[jhc] Parsec -- Module not found
John Meacham
john at repetae.net
Tue Aug 10 18:03:43 EDT 2010
On Tue, Aug 10, 2010 at 08:35:34AM +0000, Korcan Hussein wrote:
> Yes I can confirm it's just a missing package, "jhc -p parsec ..."
> works fine for me. Regarding the documentation it was quite clear to
> me and it was relatively near the top of the page so it's not hard to
> miss, how about a feature similar to "ghc --make"? that would be quite
> useful because using more than 3/4 libraries can get unwieldy although
> I have no idea the complexity of implementing it.

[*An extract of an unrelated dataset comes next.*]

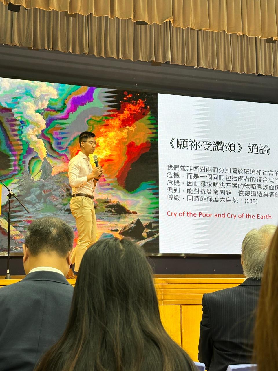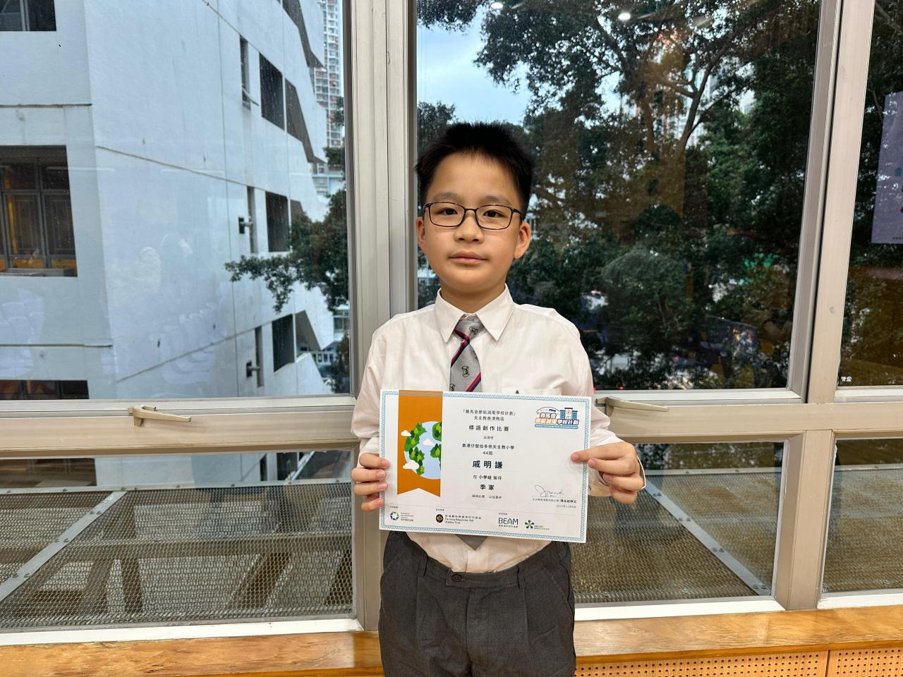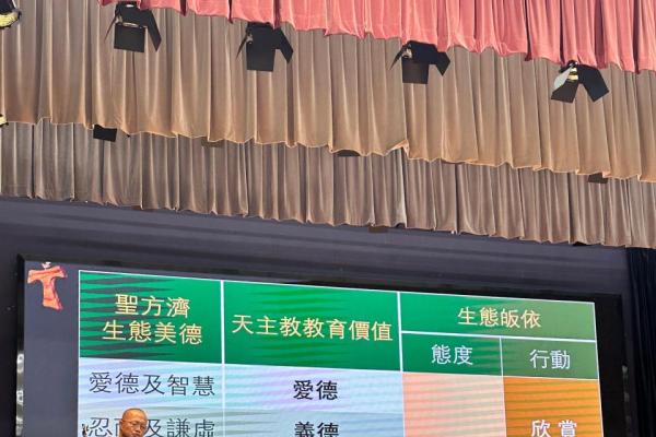 原定於2025年7月舉行的「賽馬會節能減電學校計劃——教區及明愛學校成果分享會暨頒獎典禮」因受惡劣天氣影響而延期至07/11/2025(四)舉行。當天,天主教香港教區副主教陳永超神父、天主教香港教區教育事務主教代表龔廣培先生代表致勉,回顧計劃進行一年多以來之成果。環保教育講座後,有學校代表分享參加此計劃於工程或環保教育活動取得之經驗,頒獎典禮部分則頒發了標語設計比賽的各個獎項。本校5A班戚明謙同學榮獲小學組季軍。 得獎作品: 愛主愛人愛地球,省電節能不奢求 創作理念: 天主創造萬物給人類,人類應該奉行愛主愛人的精神,並且愛地球,以求令人類可以繼續保存天主的愛。省電節能每天都要實行,以配合愛地球的目的,不奢求會有更多資源源源不絕地提供,應要減省能源作為目標,讓世世代代可享受天主的愛。

Actually, jhc does do the equivalent of ghc's --make always, how it
differs is that jhc always behaves like ghc if it is given the
-hide-all-packages flag.
GHC packages are somewhat complicated, there are a few different things
that need to happen to get them to work, first you need to drop the
files into an appropriate directory, then you need to use ghc-pkg to
register your package, which writes to a config file telling ghc where
it can find the package, then you need to 'expose' the package, so that
ghc can see it. This works fine when your exposed packages just happen
to be exactly what you want. But as soon as you have multiple versions
of ghc installed or some libraries installed globally and some installed
per user or you have multiple packages that implement the same API that
you want to choose between things get tricky. Basically, when you need
to do "interesting" things with ghc, it gets fairly complicated. In
fact, to write a portable ghc build file you pretty much always have to
do -hide-all-packages then explicitly list the ones you want anyway. Not
that these things are impossible in ghc, they are just somewhat
complicated and require special knowledge of how ghc-pkg works.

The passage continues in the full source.